--- DATA SHOWN ---
= Beginning of Section =

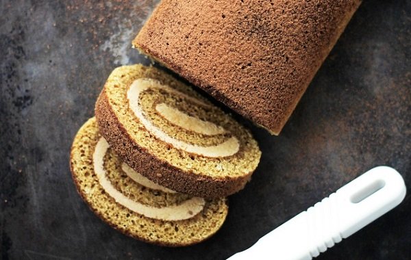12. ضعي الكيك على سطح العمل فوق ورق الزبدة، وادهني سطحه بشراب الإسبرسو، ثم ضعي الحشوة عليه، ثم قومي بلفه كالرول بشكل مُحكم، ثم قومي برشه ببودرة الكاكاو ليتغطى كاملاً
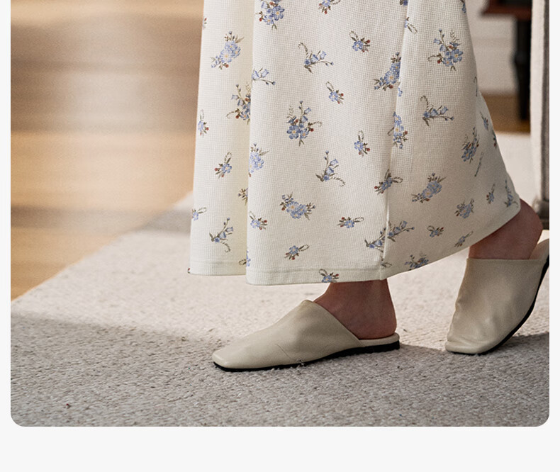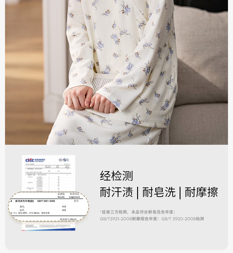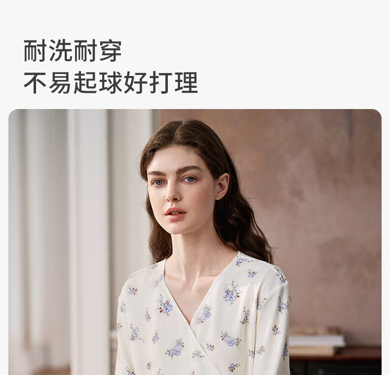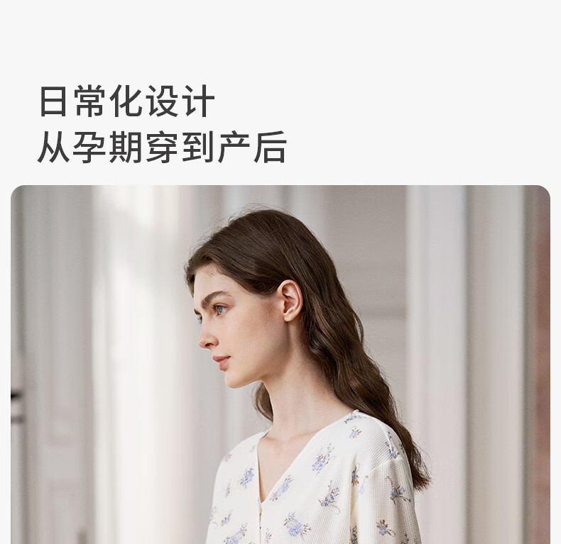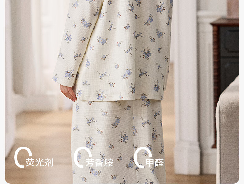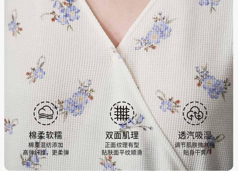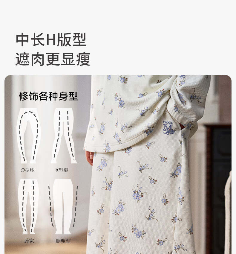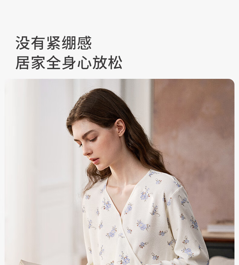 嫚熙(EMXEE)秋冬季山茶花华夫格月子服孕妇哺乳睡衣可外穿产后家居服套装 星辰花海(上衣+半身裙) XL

= End of Section =
= Beginning of Section =

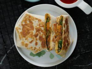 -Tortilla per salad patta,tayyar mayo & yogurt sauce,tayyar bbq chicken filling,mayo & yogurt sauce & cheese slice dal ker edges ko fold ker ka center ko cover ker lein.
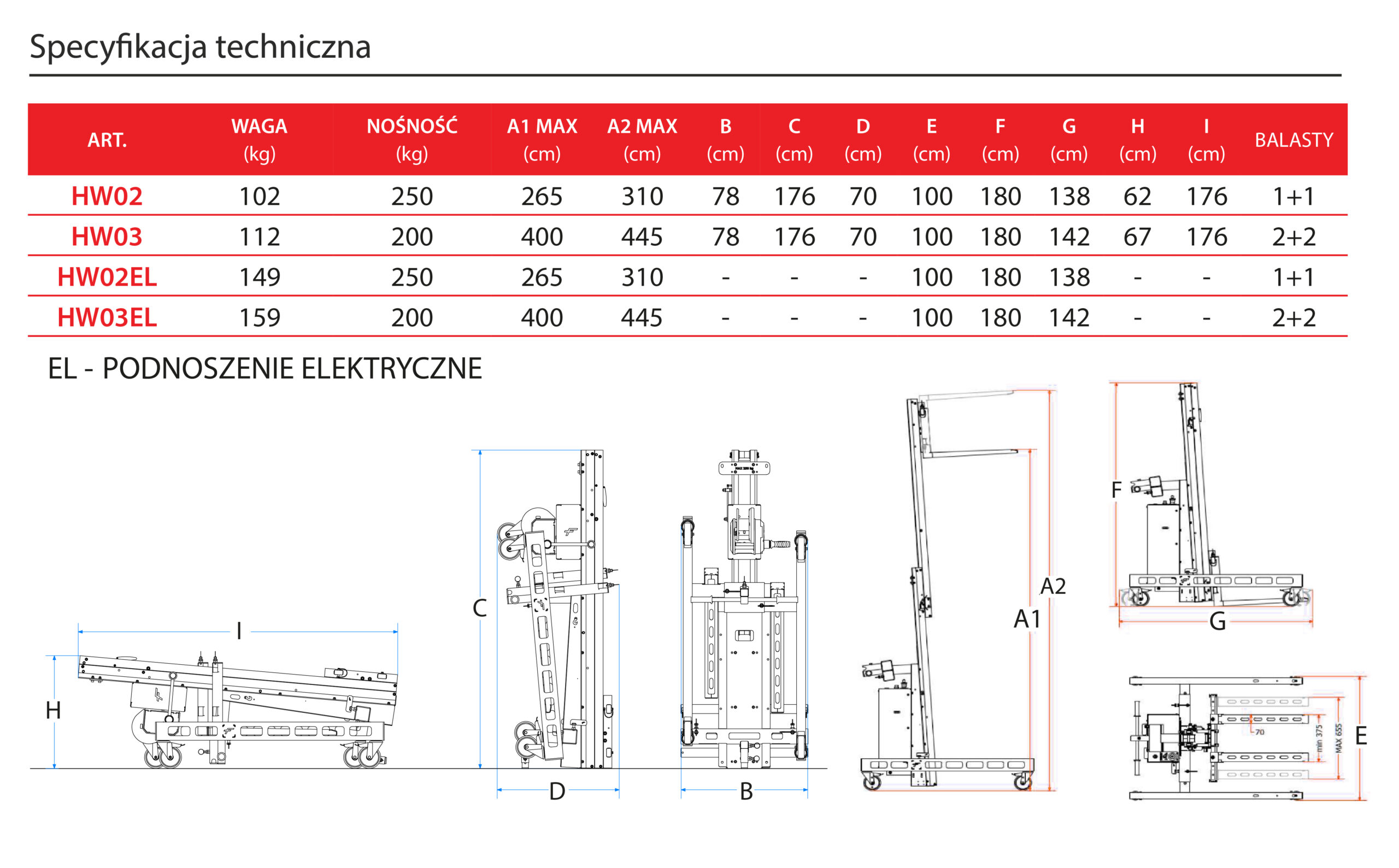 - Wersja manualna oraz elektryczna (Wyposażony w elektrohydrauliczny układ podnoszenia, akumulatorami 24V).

= End of Section =

--- REQUIREMENT ---
Within the listing above, the lines starting at the one containing "12. ضعي الكيك" and ending at the one containing "嫚熙(EMXEE)秋冬季山茶花华夫格月子服孕妇哺乳睡衣可外穿产后家居服套装 星辰花海(上衣+半身裙) XL" are to be returned exactly. Omit the pictures.

--- ANSWER BOX ---
12. ضعي الكيك على سطح العمل فوق ورق الزبدة، وادهني سطحه بشراب الإسبرسو، ثم ضعي الحشوة عليه، ثم قومي بلفه كالرول بشكل مُحكم، ثم قومي برشه ببودرة الكاكاو ليتغطى كاملاً
 嫚熙(EMXEE)秋冬季山茶花华夫格月子服孕妇哺乳睡衣可外穿产后家居服套装 星辰花海(上衣+半身裙) XL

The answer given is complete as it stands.